AWS: Automating queries in redshift

aws redshift
redshift query editor
redshift spectrum
redshift create database
redshift select database
redshift getting started
redshift console
aws redshift cloudformation example

I want to automate a redshift insert query to be run every day.

We actually use Aws environment. I was told using lambda is not the right approach. Which is the best ETL process to automate a query in Redshift.

For automating SQL on Redshift you have 3 options (at least)

Simple - cron Use a EC2 instance and set up a cron job on that to run your SQL code.

psql -U youruser -p 5439 -h hostname_of_redshift -f your_sql_file

Feature rich - Airflow (Recommended) If you have a complex schedule to run then it is worth investing time learning and using apache airflow. This also needs to run on a server(ec2) but offers a lot of functionality.

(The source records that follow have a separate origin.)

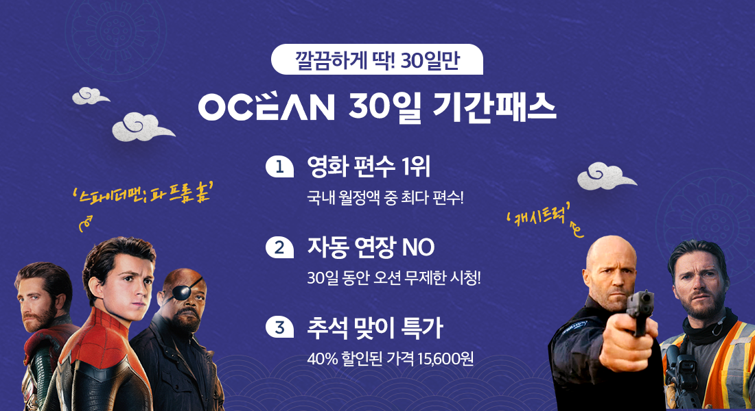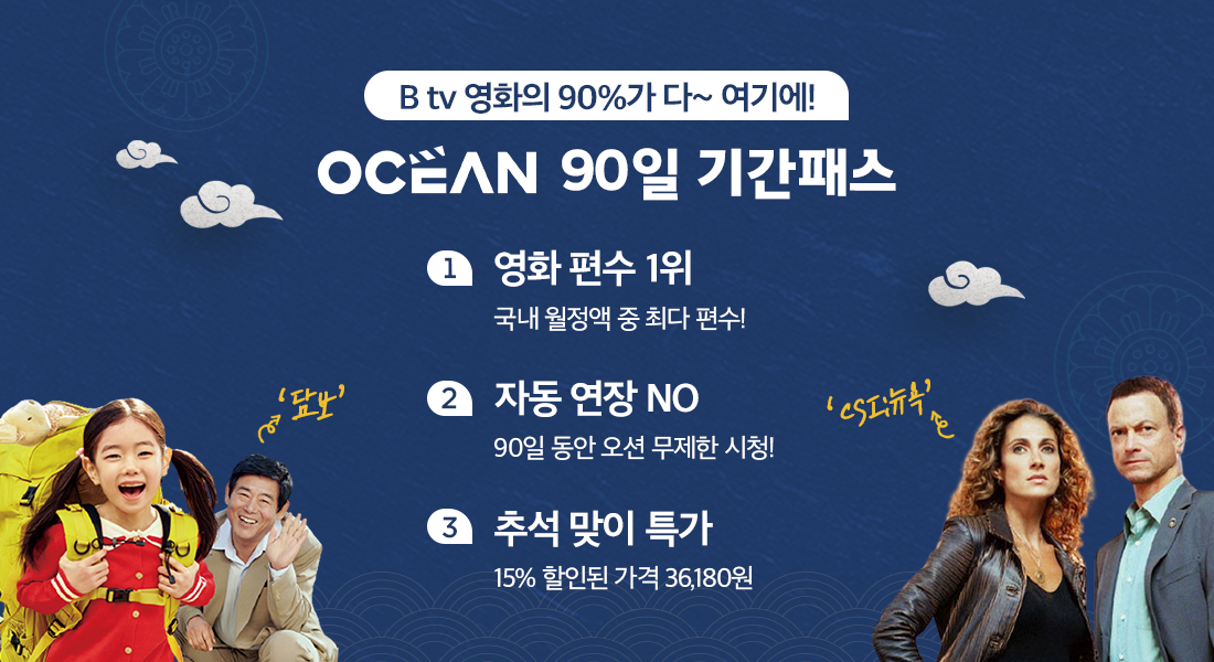 이번 추석 연휴, B tv가 준비한 특별 할인가로 영화 월정액 OCEAN 기간패스를 만나보세요!
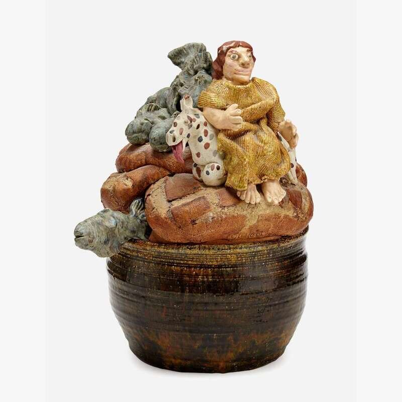 DAVID GILHOOLY (1943-2013) FIGURAL CERAMIC TUREEN AND LADLE, 1976
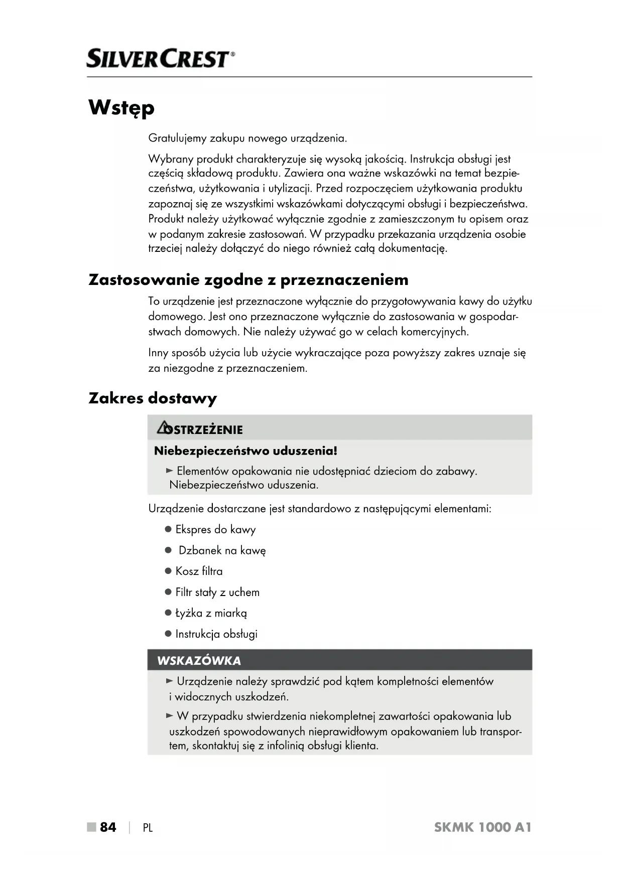 PL SKMK 1000 A1 Wstęp Gratulujemy zakupu nowego urządzenia. Wybrany produkt charakteryzuje się wysoką jakością. Instrukcja obsługi jest częścią składową produktu. Zawiera ona ważne wskazówki na temat bezpie- czeństwa, użytkowania i utylizacji. Przed rozpoczęciem użytkowania produktu zapoznaj się ze wszystkimi wskazówkami dotyczącymi obsługi i bezpieczeństwa. Produkt należy użytkować wyłącznie zgodnie zzamieszczonym tu opisem oraz wpodanym zakresie zastosowań. Wprzypadku przekazania urządzenia osobie trzeciej należy dołączyć do niego również całą dokumentację. Zastosowanie zgodne z przeznaczeniem To urządzenie jest przeznaczone wyłącznie do przygotowywania kawy do użytku domowego. Jest ono przeznaczone wyłącznie do zastosowania w gospodar- stwach domowych. Nie należy używać go w celach komercyjnych. Inny sposób użycia lub użycie wykraczające poza powyższy zakres uznaje się za niezgodne zprzeznaczeniem. Zakres dostawy OSTRZEŻENIE Niebezpieczeństwo uduszenia! ► Elementów opakowania nie udostępniać dzieciom do zabawy. Niebezpieczeństwo uduszenia. Urządzenie dostarczane jest standardowo znastępującymi elementami: ▯ Ekspres do kawy ▯ Dzbanek na kawę ▯ Kosz filtra ▯ Filtr stały z uchem ▯ Łyżka z miarką ▯ Instrukcja obsługi WSKAZÓWKA ► Urządzenie należy sprawdzić pod kątem kompletności elementów i widocznych uszkodzeń. ► W przypadku stwierdzenia niekompletnej zawartości opakowania lub uszkodzeń spowodowanych nieprawidłowym opakowaniem lub transpor- tem, skontaktuj się z infolinią obsługi klienta.PL
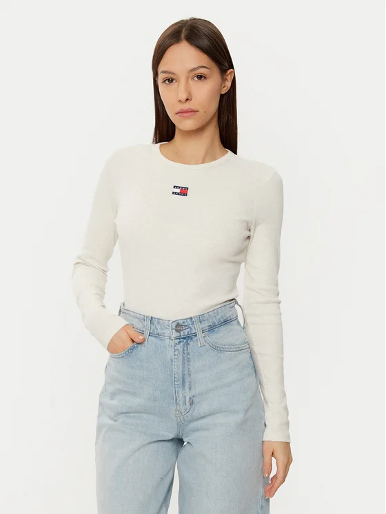 Tommy Jeans Μπλουζάκι DW0DW20178 Εκρού Slim Fit
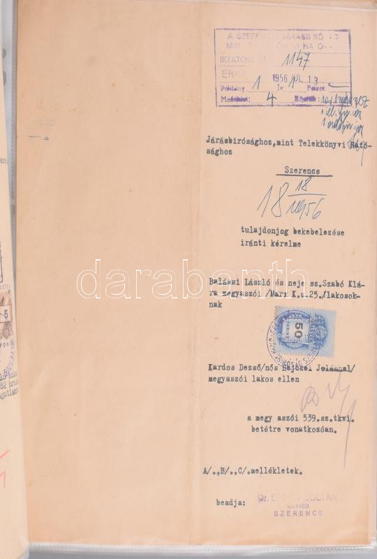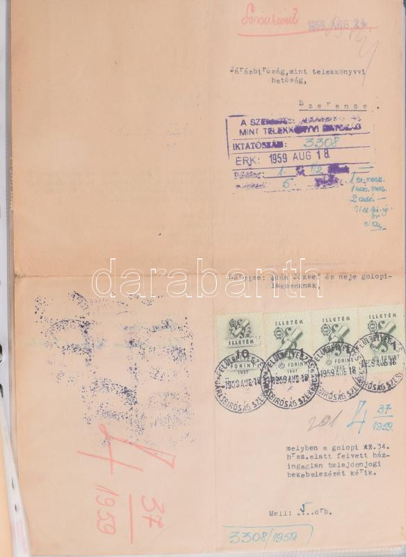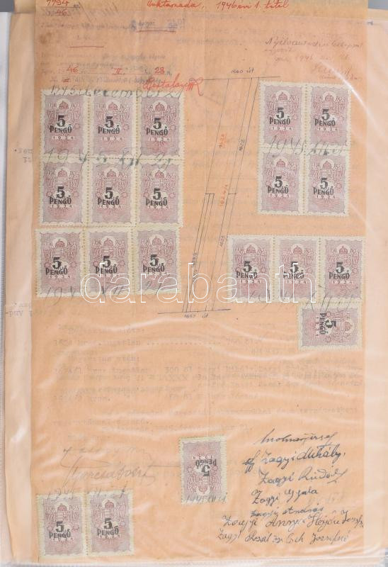Közel 200 darabos okmánybélyeges okmány gyűjtemény Tokaj, Szerencs, Miskolc környékéről, nagyrészt 1945-1960 közötti bírósági és hivatalos iratok, köztársasági, Rákosi- és Kádár-korszakbeli illetékbélyegekkel. Közötte néhány II. világháború előtti. Gyűrűs berakóban
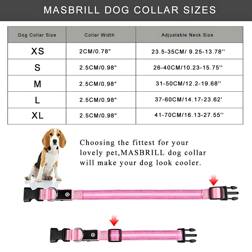 Rechargeable LED Dog Collar – Reflective Night Safety Visibility – Waterproof Nylon – USB Light‑Up Adjustable (S–L) – Small to Large Dogs
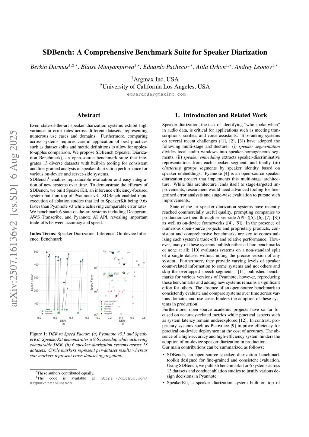 Even state-of-the-art speaker diarization systems exhibit high variance in error rates across different datasets, representing numerous use cases and domains. Furthermore, comparing across systems requires careful application of best practices such as dataset splits and metric definitions to allow for apples-to-apples comparison. We propose SDBench (Speaker Diarization Benchmark), an open-source benchmark suite that integrates 13 diverse datasets with built-in tooling for consistent and fine-grained analysis of speaker diarization performance for various on-device and server-side systems. SDBench enables reproducible evaluation and easy integration of new systems over time. To demonstrate the efficacy of SDBench, we built SpeakerKit, an inference efficiency-focused system built on top of Pyannote v3. SDBench enabled rapid execution of ablation studies that led to SpeakerKit being 9.6x faster than Pyannote v3 while achieving comparable error rates. We benchmark 6 state-of-the-art systems including Deepgram, AWS Transcribe, and Pyannote AI API, revealing important trade-offs between accuracy and speed.

https://airflow.apache.org/

AWS serverless - AWS data pipeline (NOT Recommended)

https://aws.amazon.com/datapipeline/

Cloudwatch->Lambda->EC2 method described below by John Rotenstein This is a good method when you want to be AWS centric, it will be cheaper than having a dedicated EC2 instance.

Using Amazon Redshift with other services, Lists the other AWS services with which Amazon Redshift integrates to move, Querying data with federated queries You can use AWS Data Pipeline to automate data movement and transformation into and out of Amazon Redshift. For automating SQL on Redshift you have 3 options (at least) Simple - cron Use a EC2 instance and set up a cron job on that to run your SQL code. psql -U youruser -p 5439 -h hostname_of_redshift -f your_sql_file Feature rich - Airflow (Recommended) If you have a complex schedule to run then it is worth investing time learning and using apache airflow. This also needs to run on a server(ec2) but offers a lot of functionality.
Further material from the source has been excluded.